Deferred Action for Childhood Arrivals (DACA) is an American immigration policy that allows some individuals with unlawful presence in the United States after being brought to the country as children to receive a renewable two-year period of deferred action from deportation and become eligible for a work permit in the U.S. To be eligible for the program, recipients cannot have felonies or serious misdemeanors on their records. Unlike the proposed DREAM Act, DACA does not provide a path to citizenship for recipients, known as Dreamers. The policy, an executive branch memorandum, was announced by President Barack Obama on June 15, 2012. U.S. Citizenship and Immigration Services (USCIS) began accepting applications for the program on August 15, 2012.

DACA is essentially immigration policy, something the White House does not possess the power to make. Congress is explicitly given the power to legislate immigration policy in Article 1 Section 8 of the Constitution. No such power is given to the Executive. This is a point that President Trump has emphasized multiple times, most recently tweeting, “President Obama never had the legal right to sign DACA, and he indicated so at the time of signing. But In any event, how can he have the right to sign and I don’t have the right to ‘unsigned.’ Totally illegal document which would actually give the President new powers.”

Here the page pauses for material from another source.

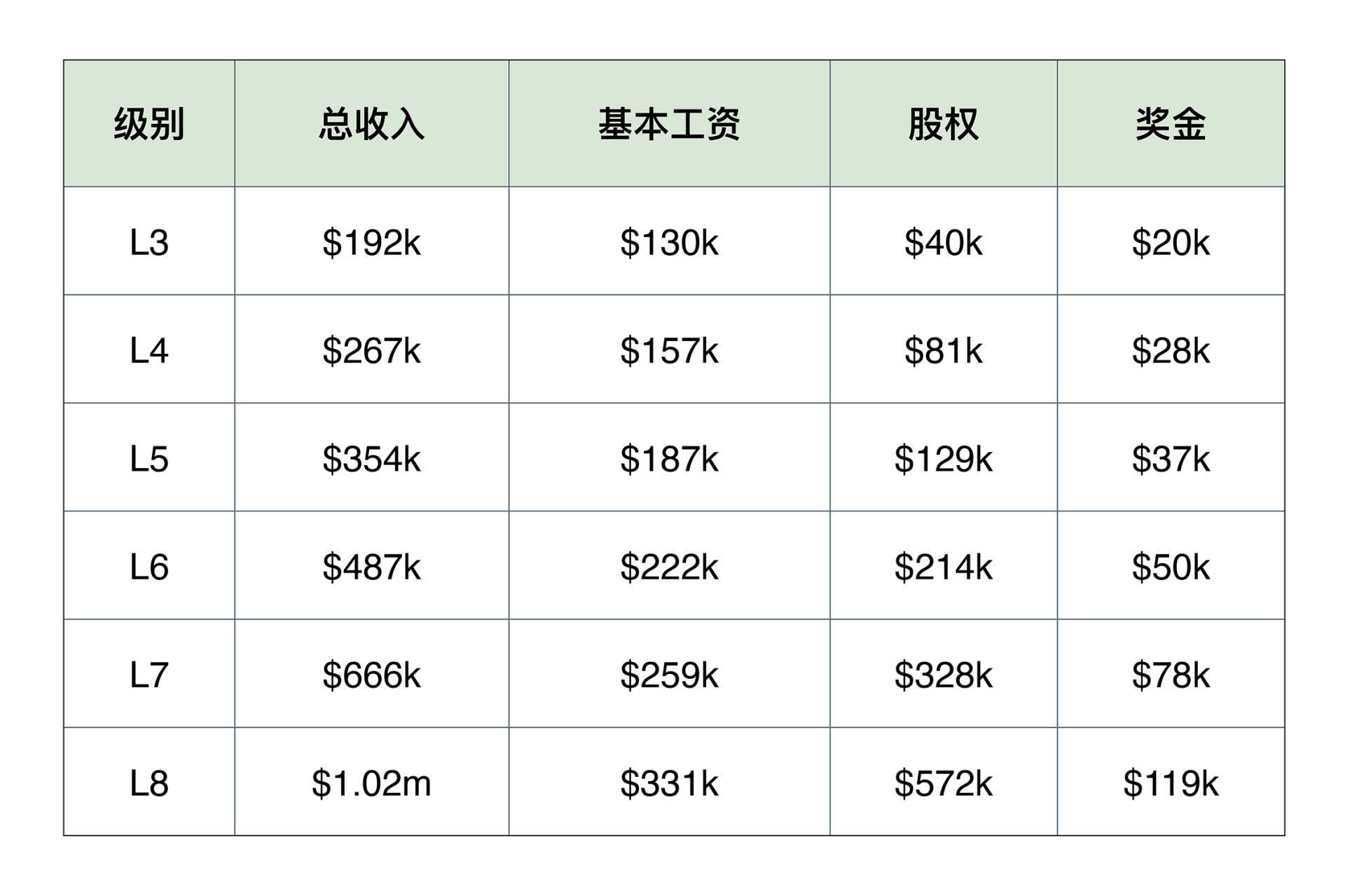 但是,如果你能在一个岗位深耕5年以上,升职到L5的级别,那你的收入就可以达到35.4万美元。毫无疑问,这时你已经是领域内的专家了,如果跳槽去其他公司,收入只会更高。所以在一个有前景的方向上坚持努力,才是真正的利益最大化的选择。

The President also tweeted, “The Immigration Law Institute’s Christopher Hajec says, ‘The Supreme Court has to look st whether DACA is lawful. What they are looking at now is whether Trump’s recision of DACA is lawful. Must consider lawfulness of DACA itself. Looks very odd that President Trump doesn’t have the discretion to end the program that President Obama began in his discretion. That program was unlawful to begin with. I think it’s very unlikely that the SCOTUS is going to issue an order reinstating what it believes is an unlawful program. DACA Is unlawful,’” In response to a report by the Immigration Law Institute’s Christopher Hajec that claimed President Obama’s actions were illegal.

President Trump campaigned on ending DACA, something that has proven extremely difficult. In 2017 the President released a plan to phase out the program, but was blocked by the federal courts. The case is now heading to the Supreme Court and will be heard in October. In response to this President Trump tweeted, “DACA will be going before the Supreme Court. It is a document that even President Obama didn’t feel he had the legal right to sign – he signed it anyway! Rest assured that if the SC does what all say it must, based on the law, a bipartisan deal will be made to the benefit of all!”

In August 2018, USCIS estimated there were 699,350 active DACA recipients residing in the United States. Immigration researchers estimate the population to be between 690,000 and 800,000 people.

DACA’s fate is currently up in the air. President Trump is confident the Supreme Court will rule in his favor, and they very well might. The court’s conservative lean could be enough to secure a huge victory for the president. However, the Supreme Court has been reluctant to touch the topic. In February of 2018 the Supreme Court refused to hear the White House’s appeal to a lower court ruling prohibiting the president from suspending the program. Although, this ruling came before Justice Brett Kavanaugh replaced Justice Anthony Kennedy and secured a conservative majority on the court.

Whatever the outcome, this case will likely be a defining moment for the Trump administration, and could effect the President’s 2020 reelection as the court’s decision will likely be released in early to mid 2020.